GIVEN RECORDS:
□ □ □ □

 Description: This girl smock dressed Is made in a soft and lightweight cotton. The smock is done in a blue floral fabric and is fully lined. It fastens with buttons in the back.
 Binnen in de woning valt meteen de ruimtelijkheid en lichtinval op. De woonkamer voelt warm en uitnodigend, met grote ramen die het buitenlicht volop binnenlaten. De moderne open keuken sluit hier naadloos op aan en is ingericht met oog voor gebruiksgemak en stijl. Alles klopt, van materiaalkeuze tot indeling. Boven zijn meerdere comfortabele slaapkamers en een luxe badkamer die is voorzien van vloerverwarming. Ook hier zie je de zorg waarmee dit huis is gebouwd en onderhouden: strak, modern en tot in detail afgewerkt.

□ □ □ □

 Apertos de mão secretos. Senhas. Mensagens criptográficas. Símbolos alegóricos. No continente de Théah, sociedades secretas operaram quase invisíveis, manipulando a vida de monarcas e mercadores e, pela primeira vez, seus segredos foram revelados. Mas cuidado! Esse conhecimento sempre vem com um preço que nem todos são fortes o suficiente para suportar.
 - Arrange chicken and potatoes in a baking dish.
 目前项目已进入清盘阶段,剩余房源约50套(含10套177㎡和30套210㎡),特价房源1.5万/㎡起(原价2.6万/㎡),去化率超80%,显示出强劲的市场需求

□ □ □ □

EXERCISE:
Copy verbatim, from the listing above, each line from the one containing "Description: This girl" down to the one containing "Binnen in de", inclusive.

RESULT:
 Description: This girl smock dressed Is made in a soft and lightweight cotton. The smock is done in a blue floral fabric and is fully lined. It fastens with buttons in the back.
 Binnen in de woning valt meteen de ruimtelijkheid en lichtinval op. De woonkamer voelt warm en uitnodigend, met grote ramen die het buitenlicht volop binnenlaten. De moderne open keuken sluit hier naadloos op aan en is ingericht met oog voor gebruiksgemak en stijl. Alles klopt, van materiaalkeuze tot indeling. Boven zijn meerdere comfortabele slaapkamers en een luxe badkamer die is voorzien van vloerverwarming. Ook hier zie je de zorg waarmee dit huis is gebouwd en onderhouden: strak, modern en tot in detail afgewerkt.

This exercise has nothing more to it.